This year's edition of our annual spring series Documentary Voices features masters of the medium, from Robert Flaherty to Frederick Wiseman to Harun Farocki. Presented in conjunction with the UC Berkeley course History of Documentary Film taught by Linda Williams, the series continues through April.
Read full descriptionHarun Farocki (Germany, 1988). (Bilder der Welt und Inschrift des Krieges). An impressive meditation on aerial photography, surveillance, and military research. “Here documentary becomes a kind of fiction. Reality unfolds like a detective story” (Mark Nash, The Independent). (75 mins)
Harun Farocki (Germany, 1983-2012). Introduced by Jeffrey Skoller. A tribute to radical theorist and filmmaker Harun Farocki (1944–2014), worldwide provocateur who taught at UC Berkeley in the 1990s. Films examine a Playboy shoot in An Image (1983), the Corcoran Maximum Security Prison in I Thought I Was Seeing Convicts (2000), and office design in A New Product (2012). (87 mins)

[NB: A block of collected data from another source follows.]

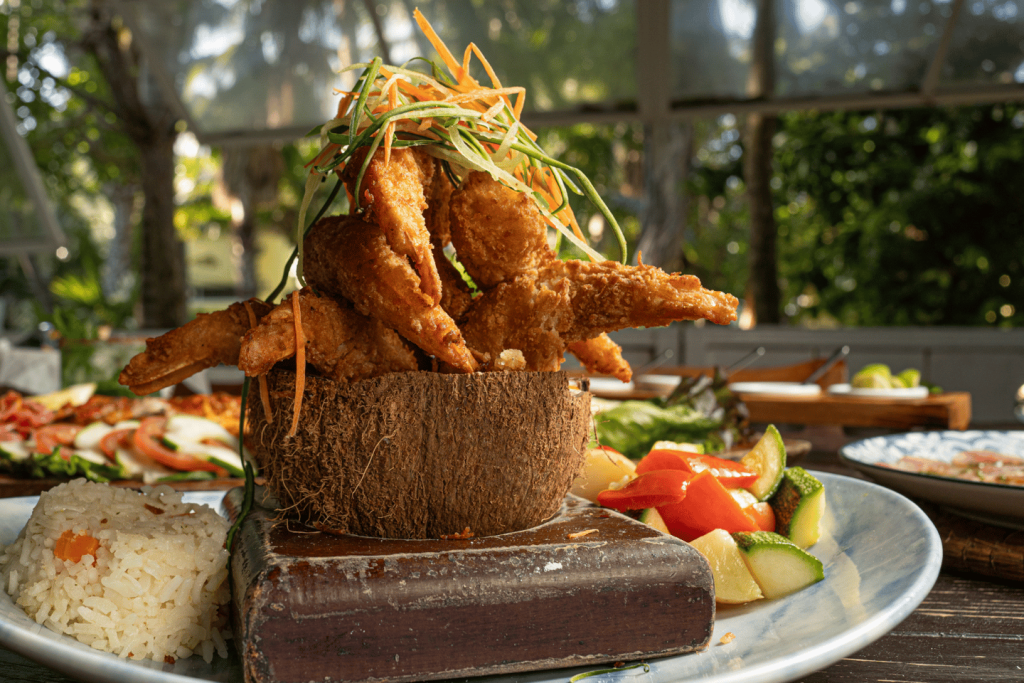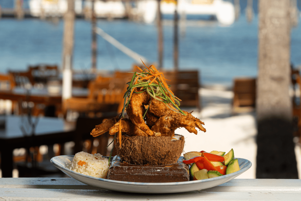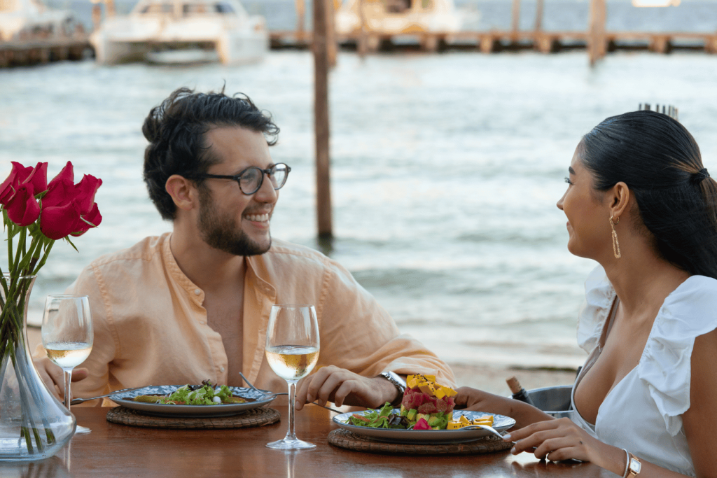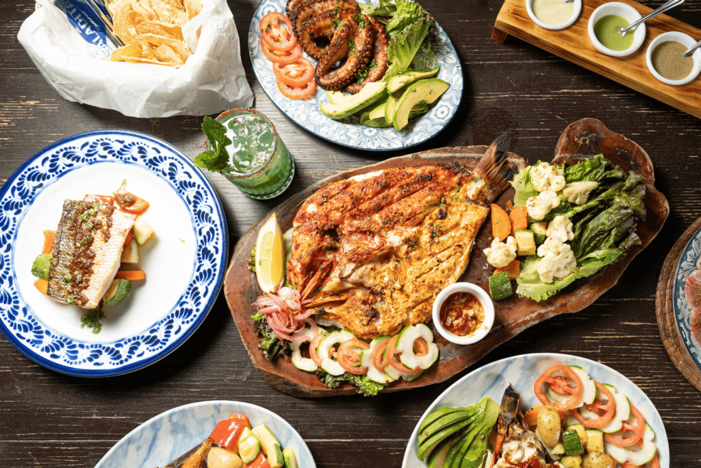 푸에르토 후아레스의 플라밍고스 씨푸드 키친에서 발밑의 모래와 파도 소리를 들으며 낭만적인 바닷가 저녁 식사로 소중한 사람을 놀라게 해 보세요.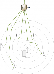 But LoRaWAN doesn’t work this way. You don’t get assigned to a specific tower; when your equipment transmits data (so-called up-link, since you’re sending up away from the equipment), you multi-cast to any towers in range. The server at the top of this arrangement receives all the signals from all the towers that saw the data and then de-duplicates to isolate the single packet. Simply put, the server is handling the MAC functions for the connection.
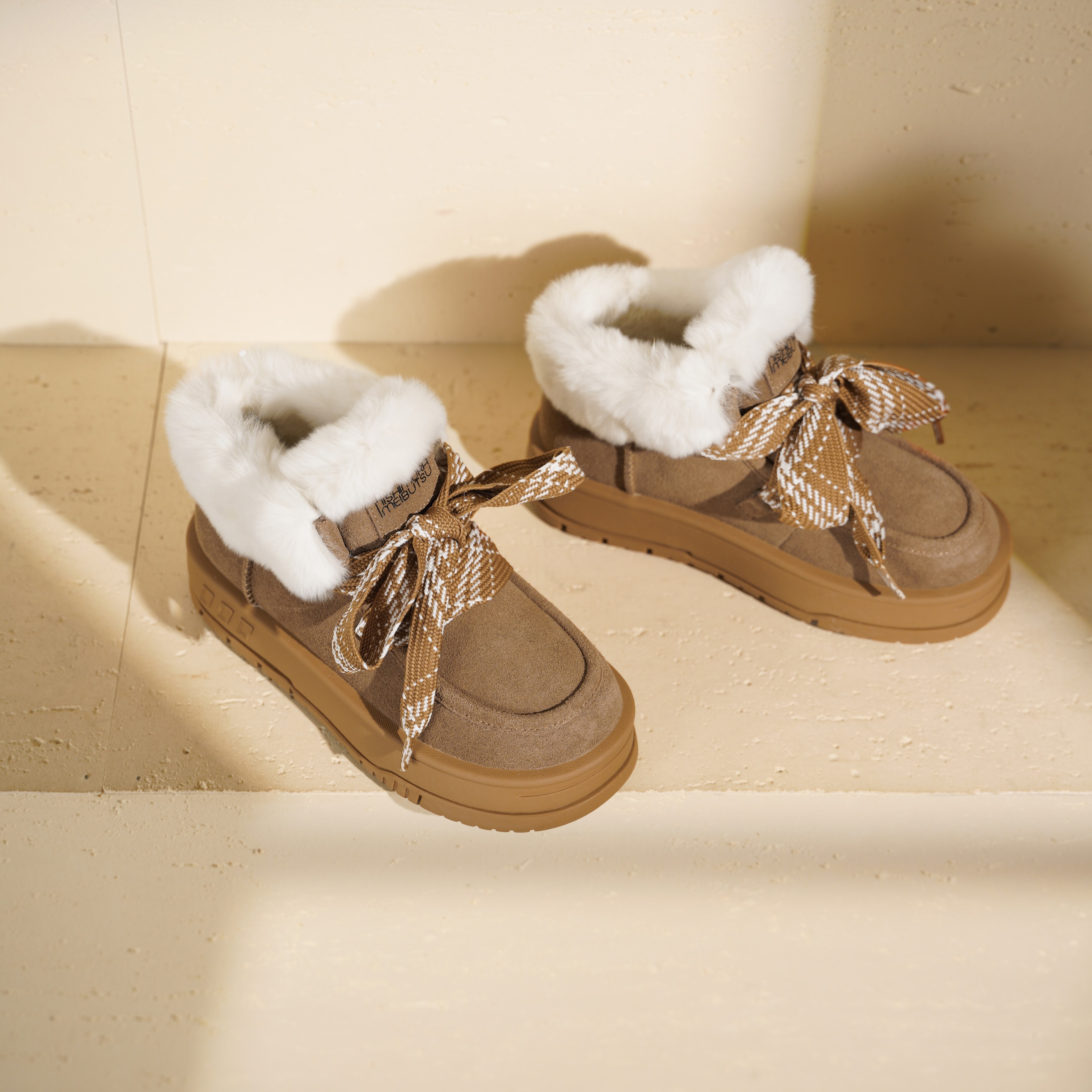 西村名物2025年冬季新款厚底加绒保暖雪地靴气质贝果系列棉鞋毛毛鞋短靴T25DS49171

Frederick Wiseman (US, 1967). Introduced by Linda Williams. Wiseman's stark but compassionate look at the horrific conditions of a state-run institution for the criminally insane, one of the first-ever looks at mental illness treatment in the US. “More immediate than fiction because these people are real; more savage than satire” (Roger Ebert). (87 mins)
Robert Flaherty (US, 1922). Flaherty's saga of Inuit life remains one of the most beautiful films ever made. Directing a group of Inuit to enact their daily activities for his camera, he paved the way for the development of the film documentary. (85 mins)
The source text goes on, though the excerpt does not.